Eu não fui no enterro dos meus pais. Mas eu tenho a lembrança do caixão fechando, das pessoas de preto. Eu não precisei ir para poder ter essa imagem na minha mente, enquanto chorava no quarto escuro. Eu sou uma péssima pessoa que nem pode ir no enterro dos próprios pais.

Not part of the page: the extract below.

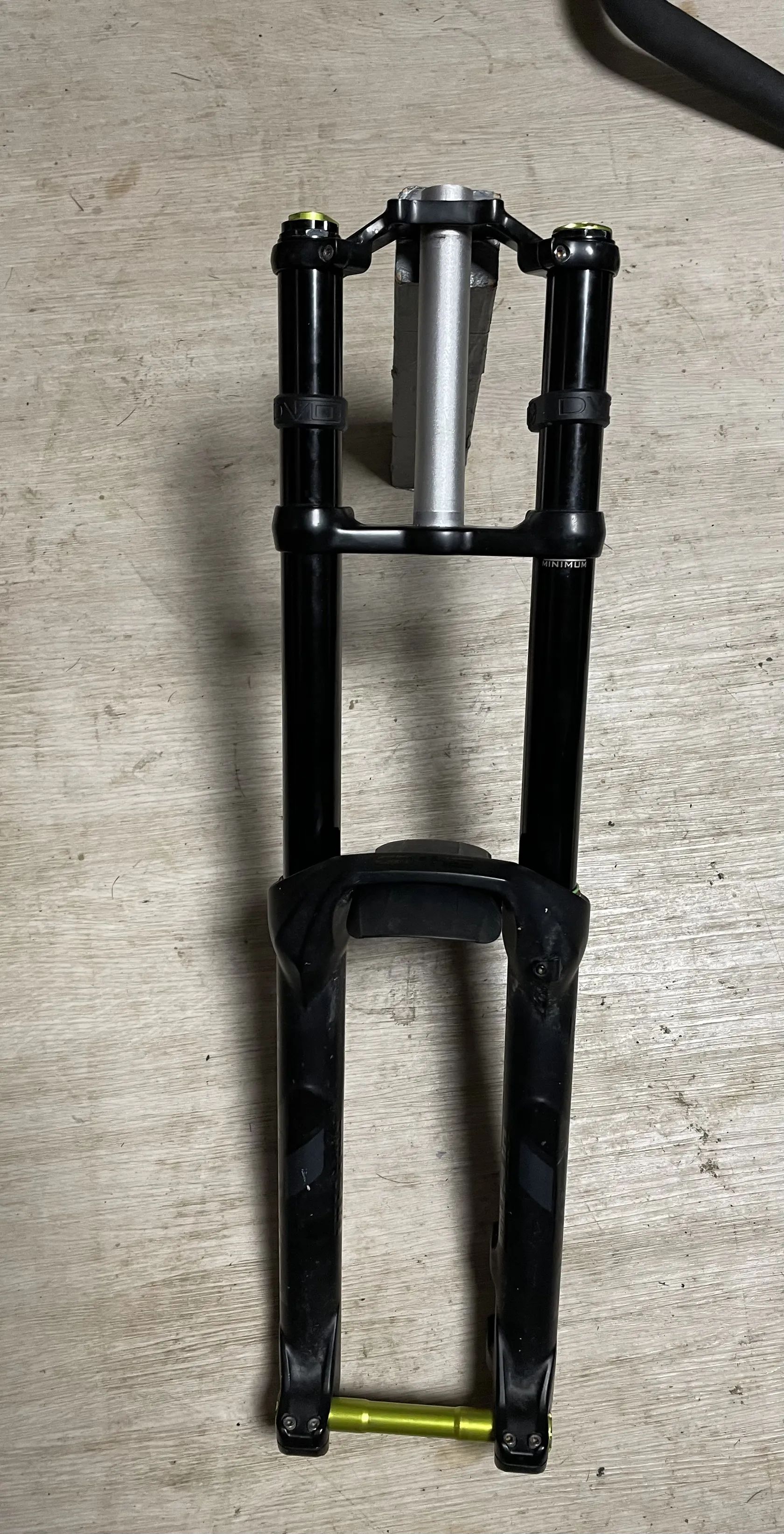 Prodám vidlici DVO Onyx DC vidlice je ježděná tři sezóny. Má oděrky i na kluzáku,ale rozleštěno a na funkci nemá vliv. Neteče. Po každé sezóně výměna oleje a gufer. K vidlici nízká i vysoká korunka.

Peraê! Por que você ainda está lendo esse livro? Pare de lê! Eu não mereço chamar a atenção de ninguém. No fim Aysha está certa em me matar. Eu não valho muita coisa. Qual a diferença dos átomos de um corpo morto e de um corpo vivo? Eu não vejo nenhuma.

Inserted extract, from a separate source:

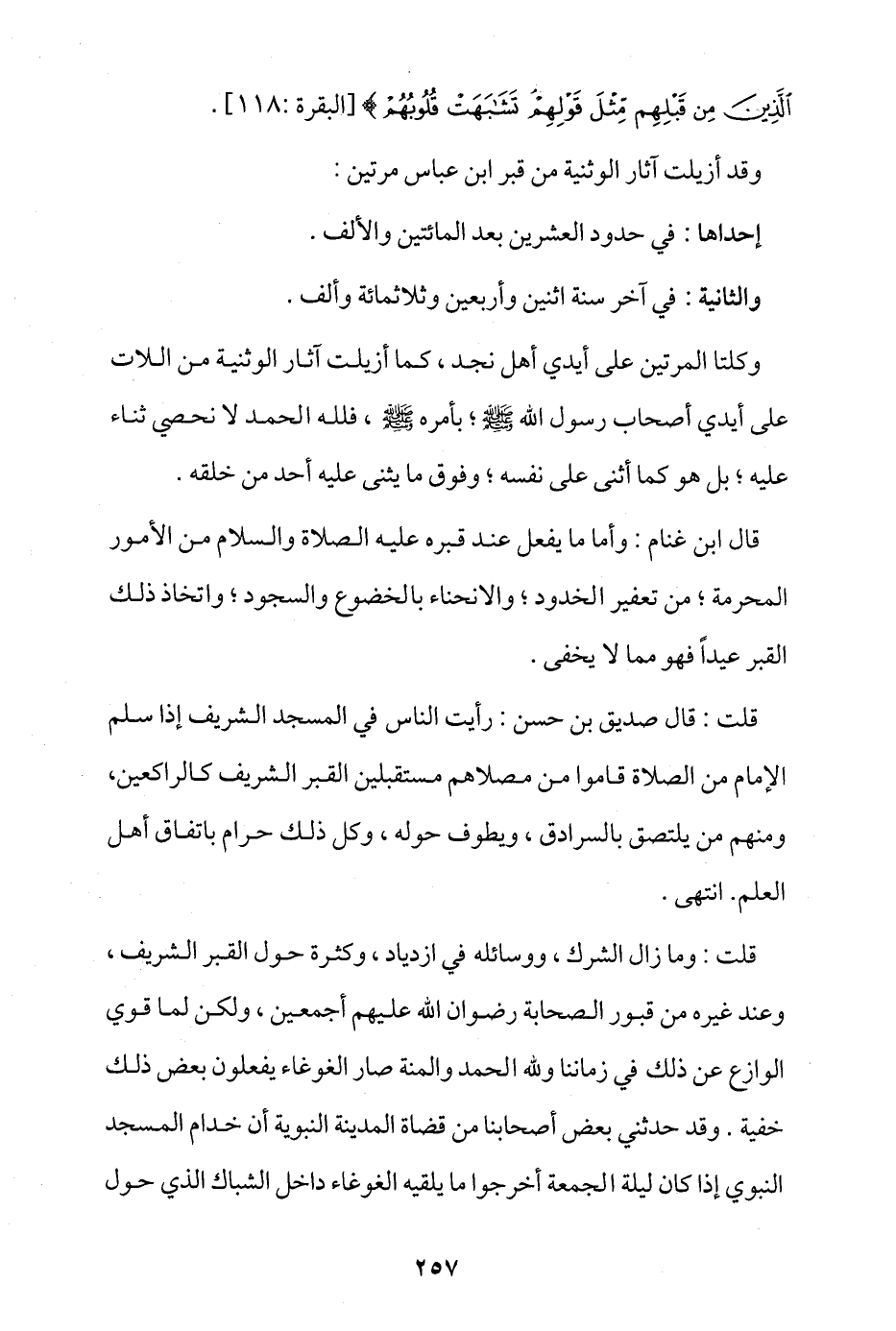 قلت: وما زال الشرك ووسائله في ازدياد وكثرة حول القبر الشريف، وعند غيره من قبور الصحابة رضوان الله عليهم أجمعين، ولكن لما قوي الوازع عن ذلك في زماننا ولله الحمد والمنة صار الغوغاء يفعلون بعض ذلك خفية، وقد حدثني بعض أصحابنا من قضاة المدينة النبوية أن خدام المسجد النبوي إذا كان ليلة الجمعة أخرجوا ما يلقيه الغوغاء داخل الشباك الذي حول

Desculpe. Eu sou exagerado. Mas você realmente deveria pensar no que está lendo e em quem passa a confiar. Eu posso estar mentindo tudo. Eu posso ter ido ao enterro dos meus pais. Ou talvez não. Possivelmente não. Com certeza não. Você sabe que eu não iria...

Desculpe por perder o foco. Eu odeio cemitérios, por isso eu estou aqui enrolando. Dois meses de morte. Aniversário de morte. Uma expressão contraditória, mas eu a usarei. Aniversário de morte de meus pais. Já havia recebido o aviso da profecia. Eu esperava o segundo. Eu sabia que ele viria.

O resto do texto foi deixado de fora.